The Other 'New Russia'
A decade ago, you might have noticed an increasing number of nouveau riche Russian tourists in Helsinki. But if you were to visit the Finnish capital today, you would see a dramatically different picture. Far more Russian tourists, buoyed by Russia's petroleum-fueled economic resurgence, are flocking to Helsinki. Russian investors, executives, entrepreneurs, academics and even middle-class families, wearing stylish jeans and fur coats and carrying shopping bags, are now commonplace in European capitals.
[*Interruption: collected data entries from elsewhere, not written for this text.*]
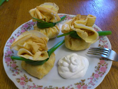 Начинка: Багато цибулі, куряче філе, вершки (молоко).
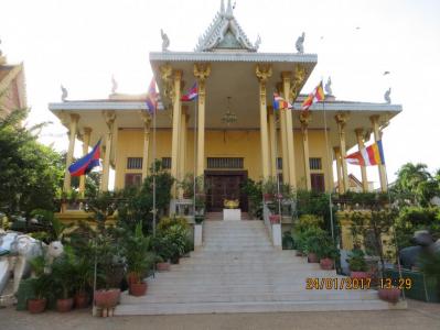 Заселились и пошли гулять. Подготовка к Новому году вовсю шла и в Сиемрипе. Те же красные фонарики, что и во Вьетнаме, цветущие деревья. Набрели на храм, там явно шли приготовления к празднику, все украшалось цветами, подметалось.
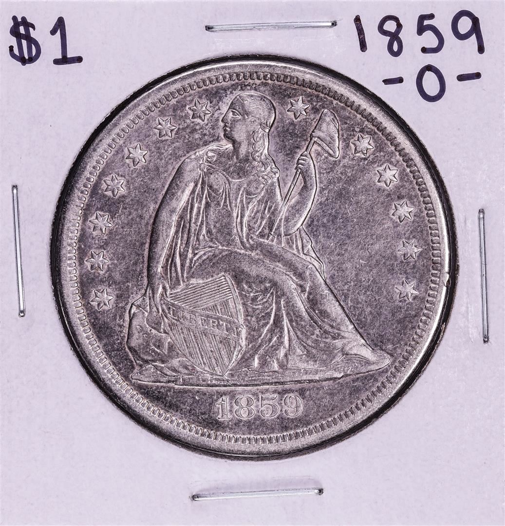 One 1859-O $1 Seated Liberty Silver Dollar Coin.
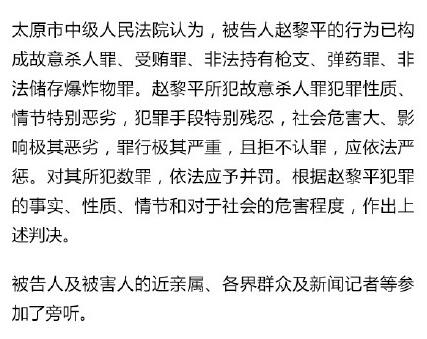 法院经审理查明,2015年3月20日,赵黎平在内蒙古自治区赤峰市持枪将被害人李某某杀害。2008年至2010年,赵黎平非法收受人民币2368万元。公安机关在赵黎平办公室查获其非法存放的91枚雷管。
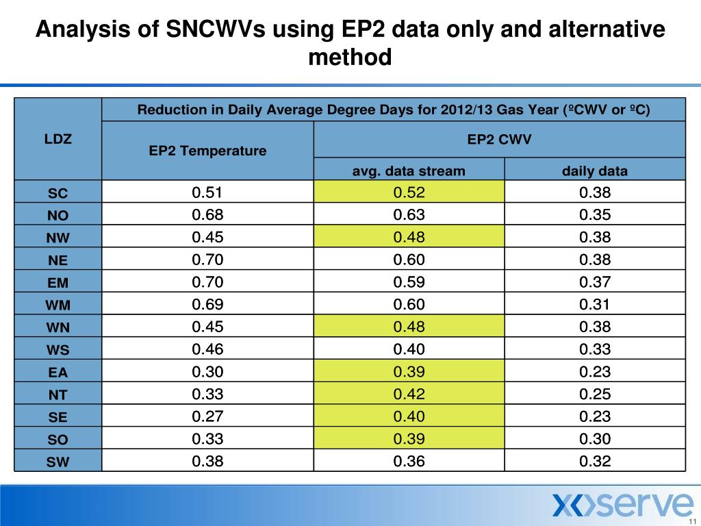 Analysis of SNCWVs using EP2 data only and alternative method • An EP2 CWV has been calculated for the middle year (2012/13) of the five years over which the seasonal normal basis will apply using EP2 forecast temperatures and EP2 wind speed averages (referred to as avg. data stream) • A CWV has been calculated for 2012/13 using an alternative approach relating individual days’ temperatures and wind speeds when computing wind chill (referred to as “daily data”) • An EP2 temperature only profile has also been calculated for 2012/13 (referred to as EP2 temperature) • A comparison can be made of the ensuing changes to the daily average degree days value over the full gas year. • In all cases, the appropriate threshold used for degree days is that for aggregate NDM demand. • The table on the next slide shows the changes to average daily degree days (over the gas year) relative to the current 17 year SNCWV for the various CWV cases and relative to a 17 year SNT for the temperature case.
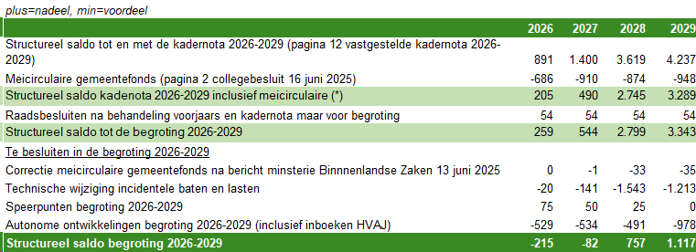 (*) Opgemerkt wordt dat in het collegebesluit van de meicirculaire gemeentefonds (16 juni 2025) het structureel saldo is gepresenteerd inclusief de inboeking van de stelpost Hervormingsagenda Jeugd (HVAJ) van € 829.000 in 2026 en € 877.000 vanaf 2027. Dit was een voorstel bij de kadernota 2026-2029 dat nu in de begroting 2026-2029 gerealiseerd wordt. In vorenstaande tabel is het subtotaal "structureel saldo kadernota 2026-2029 inclusief meicirculaire" dus exclusief de inboeking van de HVAJ. De inboeking van de HVAJ is onderdeel van de "autonome ontwikkelingen begroting 2026-2029".
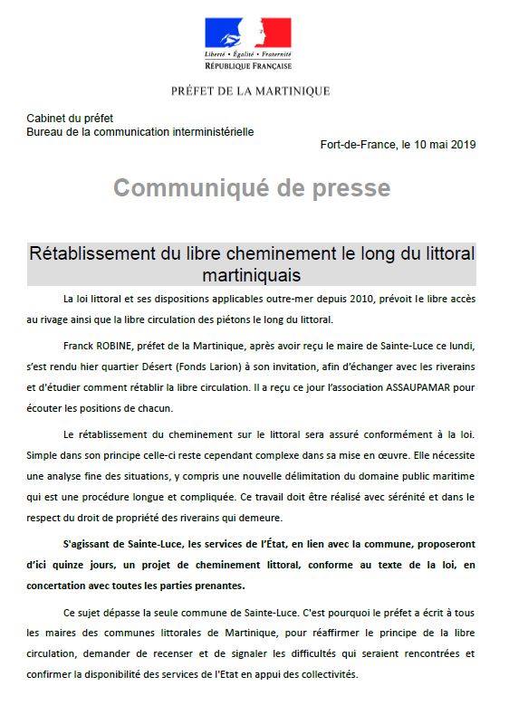 Communiqué de presse de la Préfecture de Martinique au sujet du rétablissement du libre cheminement le long du littoral martiniquais.
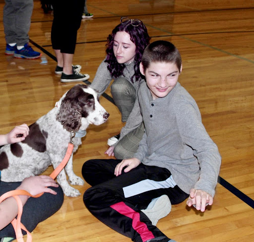 “We try to be hands-on and match the different personalities of the kids with the different personalities of the dogs,” explains Witt. “If somebody just wants to sit and pet the dogs, that’s perfect for some dogs, and if somebody wants a high energy dog that wants to play fetch or go for walks, we have that too.” The dogs and volunteers begin their visits in stations and bring in students to meet the dogs and to allow for a “feeling out period.”
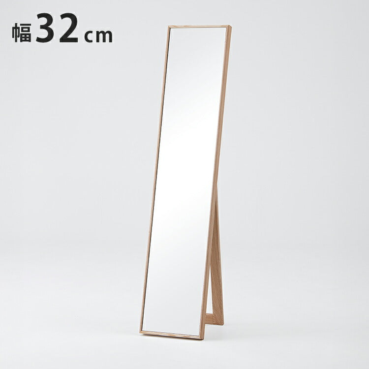 【日本製 フレームミラー 北海道産 タモ材】 タモ オイル仕上げ 旭川家具 スタンド スタンドミラー 全身鏡 鏡 姿見 壁掛け 全身 玄関用 リビング 無垢材 旭川家具 幅32cm 奥行4.5cm 高さ150cm(代引不可)
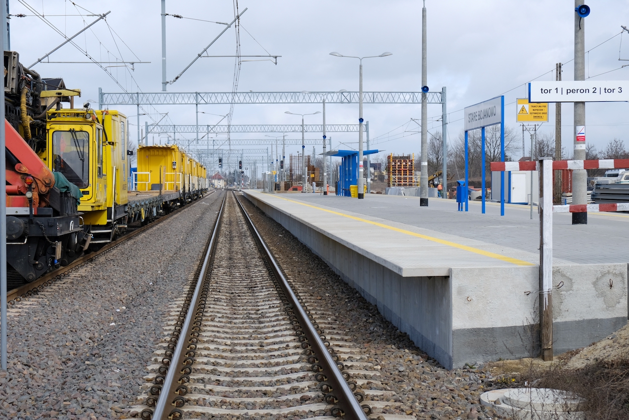 Nowe wiaty chronią już podróżnych na przebudowywanym peronie w Kościanie. Na stacji widać coraz więcej efektów prac. Modernizacja linii E59 z Poznania do Wrocławia postępuje też na pozostałych odcinkach. Inwestycja PKP Polskich Linii Kolejowych S.A. za ponad 1,5 mld zł potrwa do końca 2020r. Szklane zadaszenie na peronie nr 2 w Kościanie podtrzymują stalowe podpory. Dla podróżnych stanęły dwie 80 m wiaty. Dostępna jest już jedna część platformy. Trwa wykończenie drugiej. Wkrótce zacznie się układanie kostki peronowej i montaż małej architektury. Podwyższony do 76 cm peron z antypoślizgową nawierzchnią, energooszczędnym oświetleniem LED i nowoczesnym systemem informacji zapewni lepszy komfort podróży.
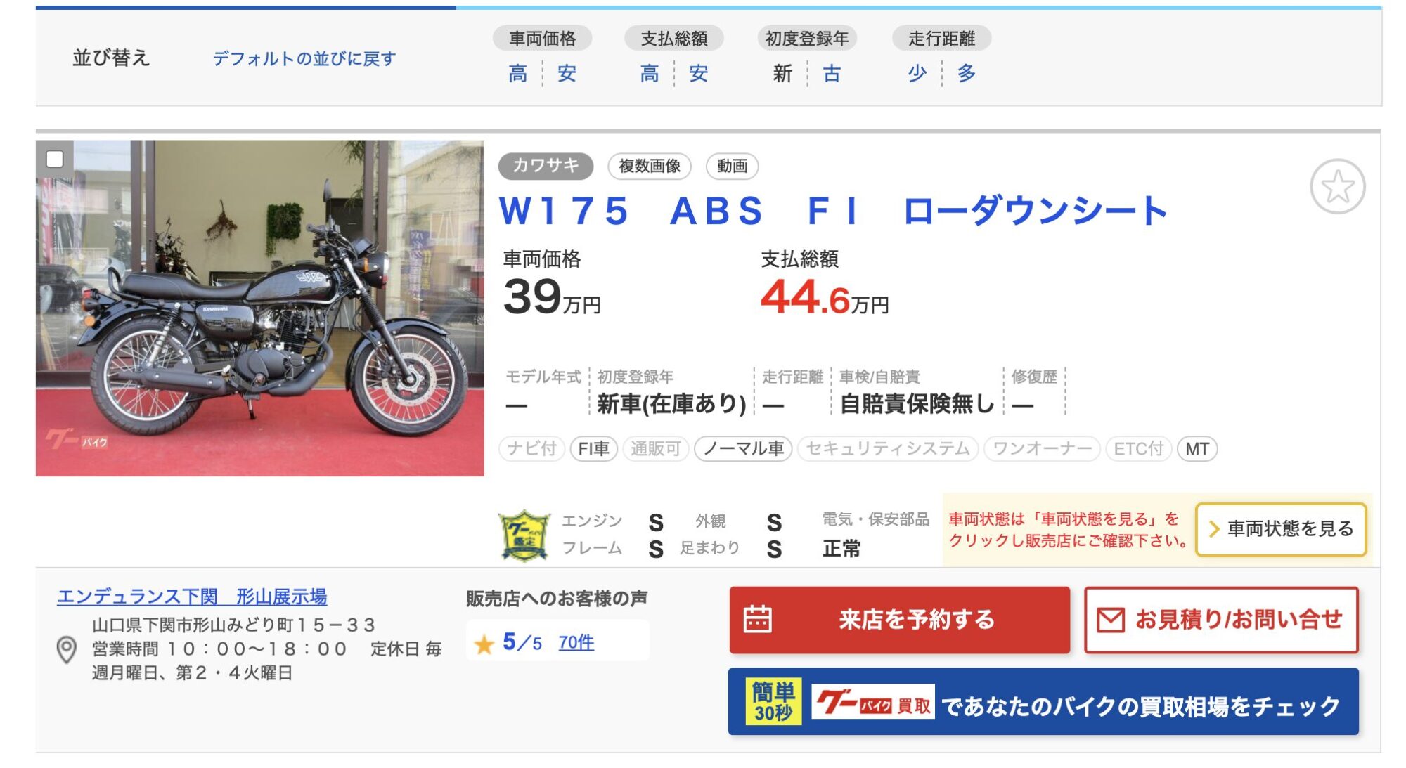 車両価格39万円/支払総額44.6万円 で提示されています。取り扱いは エンデュランス下関 形山展示場 の展示場。一方で関西の並行輸入ショップで販売されるインジェクション+ABS装備のW175インポート車は、車両価格29.74〜29.99万円/支払総額37〜38万円前後 で提示されています。
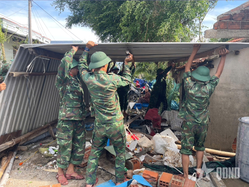 Cán bộ, chiến sĩ LLVT Quân khu 5 vừa lội nước hơn một tuần, dầm mưa giúp dân ứng phó, khắc phục hậu quả đợt "lũ chồng lũ" lịch sử, lại tiếp tục sát cánh cùng cấp ủy, chính quyền, nhân dân các địa phương "chiến đấu" với bão số 13 có sức tàn phá lớn. Hình ảnh cán bộ, chiến sĩ như những ánh sao trong bão, lũ...
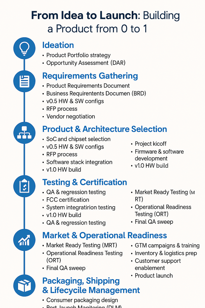 Want help navigating this journey? Whether you’re building a smart home device, enterprise gateway, or anything in between, I’d love to chat.e. From smart home hubs to industrial WiFi 7 gateways, building a product from zero to launch requires alignment across strategy, engineering, operations, compliance, and customer enablement.
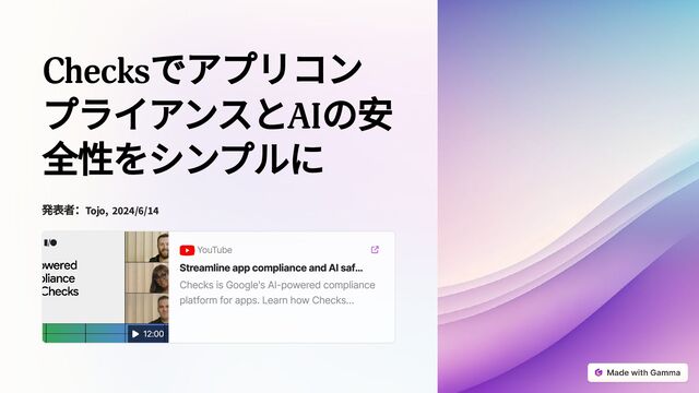 Checks でアプリコン プライアンスとAI の安 全性をシンプルに 発表者:Tojo, 2024/6/14 12:00 YouTube Streamline
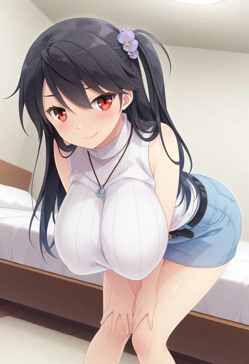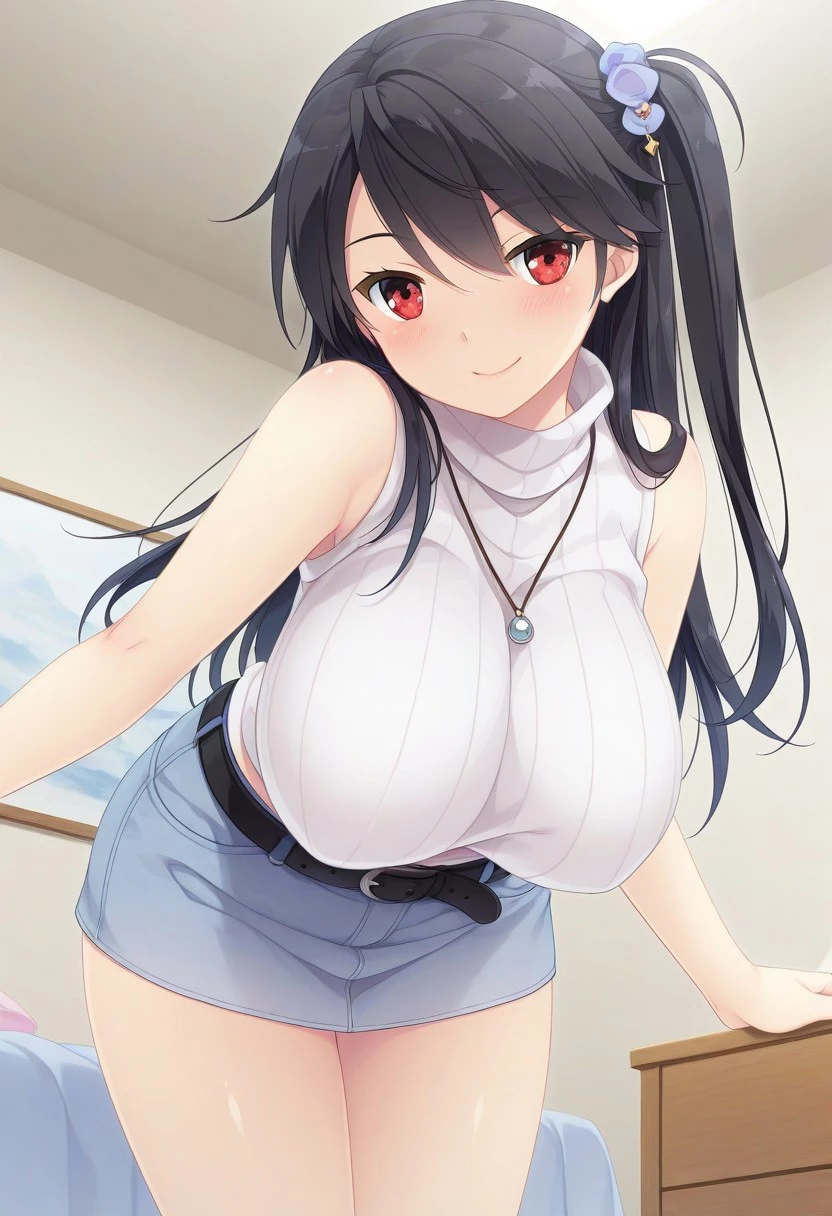 Seika Hoshii, red eyes, black hair, long hair, hair ornament, one side up,

The conventional narrative on Russia in the Western media centers around its politics: President Vladimir Putin took over an emerging liberal democracy and is now in the process of turning it into an authoritarian democracy. But there is another "new Russia", one that is rapidly moving toward free consumer markets, which will have far-reaching implications for the United States and the other industrialized democracies.
Building BRIC Potential
In the World Economic Forum's Global Competitiveness report, Russia ranks 58th. It is relatively strong in macroeconomic stability, but its institutions are weak. Strengths include solid higher education and labor market efficiency. The large marketplace of 142 million people has great potential for innovation, but lacks business sophistication.
Russia creates less prosperity than it currently enjoys, argue the critics. As natural resources finance prosperity above sustainable levels, the signs of the "Dutch disease" grow in prominence: weakening government institutions and slowing efforts to upgrade competitiveness. In the absence of further diversification, Russia's economy is living off its resources.
With its declining population, Russia's challenge is to translate its vast resources into a more sustainable competitive advantage through productivity and innovation. But this is only a part of the story: the country does have some cause for optimism.
For half a decade now, Russia has been listed among the large emerging economies (BRICs, or Brazil, Russia, India and China), which, in less than 40 years, are expected to be larger than the G-6 in U.S. dollar terms. Since the late 1990s, Russia's growth rate has amounted to almost 7 percent.
In 2006, Russia's GDP was $987 billion, which put it behind Brazil (US$1,068 billion) but ahead of India ($896 billion). Russia's average income per capita-measured by GNI per capita-amounted to $5,780, which is well ahead of Brazil ($4,730), not to mention India ($820).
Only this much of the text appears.